On 2018-09-09 21:27, Jonas Hahnfeld via Openmp-dev wrote:
> On 2018-09-09 19:24, Gheorghe-Teod Bercea wrote:
>> Hi Jonas,
>>
>> Very legitimate observations but I think there may be a
>> misunderstanding:
>>
>> The patterns which is given as an example in the paper:
>>
>> #teams
>> {
>>
>> #parallel
>>
>> }
>>
>> This is actually just the first level of parallelism.
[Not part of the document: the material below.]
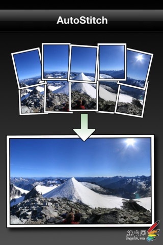 AutoStitch Panorama不仅可以在App中进行拍摄然后组成全景效果,还可以使用iPhone相机将之前按照全景方式拍摄的多张照片拼合为一张全景照片。

The code in
>> between the parallel and the team directives is considered
>> "sequential" since only one thread per team executes that.
>>
>> The kernels that have been evaluated actually contain either the
>> parallel+parallel or the parallel+simd patterns.
>
> Hi Doru,
>
> I've now carefully read trough the experiments and I can't find this.
> In particular, VI.d)
> "Our second version uses the target teams distribute directive to
> exploit outer parallelism across teams and the parallel for directive
> on an inner loop to exploit nested parallelism within a team."
>
> Jonas
>
>> The other example you give is:
>>
>> #teams
>> {
>> #parallel
>> {
>> #parallel
>> {}
>> }
>> }
>>
>> The innermost parallel would use the 2nd level of parallelism (or
>> nested parallelism). You can also add this pattern to that list:
>>
>> #teams
>> {
>> #parallel
>> {
>> #simd
>> {}
>> }
>> }
>>
>> More level 2 patterns:
>>
>> # target teams parallel
>> # parallel
>>
>> or
>>
>> # target teams parallel
>> # simd
>>
>> I hope this clarifies the experiments.
>>
>> Thanks,
>>
>> --Doru
>>
>> From: Jonas Hahnfeld <hahnjo at hahnjo.de>
>> To: Gheorghe-Teod Bercea <Gheorghe-Teod.Bercea at ibm.com>
>> Cc: Alexey Bataev <alexey.bataev at ibm.com>, Hal Finkel
>> <hfinkel at anl.gov>, openmp-dev at lists.llvm.org
>> Date: 09/09/2018 04:30 AM
>> Subject: Re: [Openmp-dev] nested parallelism in
>> libomptarget-nvptx
>>
>> -------------------------
>>
>> Hi Doru,
>>
>> thanks for the link. However I don't think these experiments looked at
>>
>> "nested parallelism", at least not how I understand it.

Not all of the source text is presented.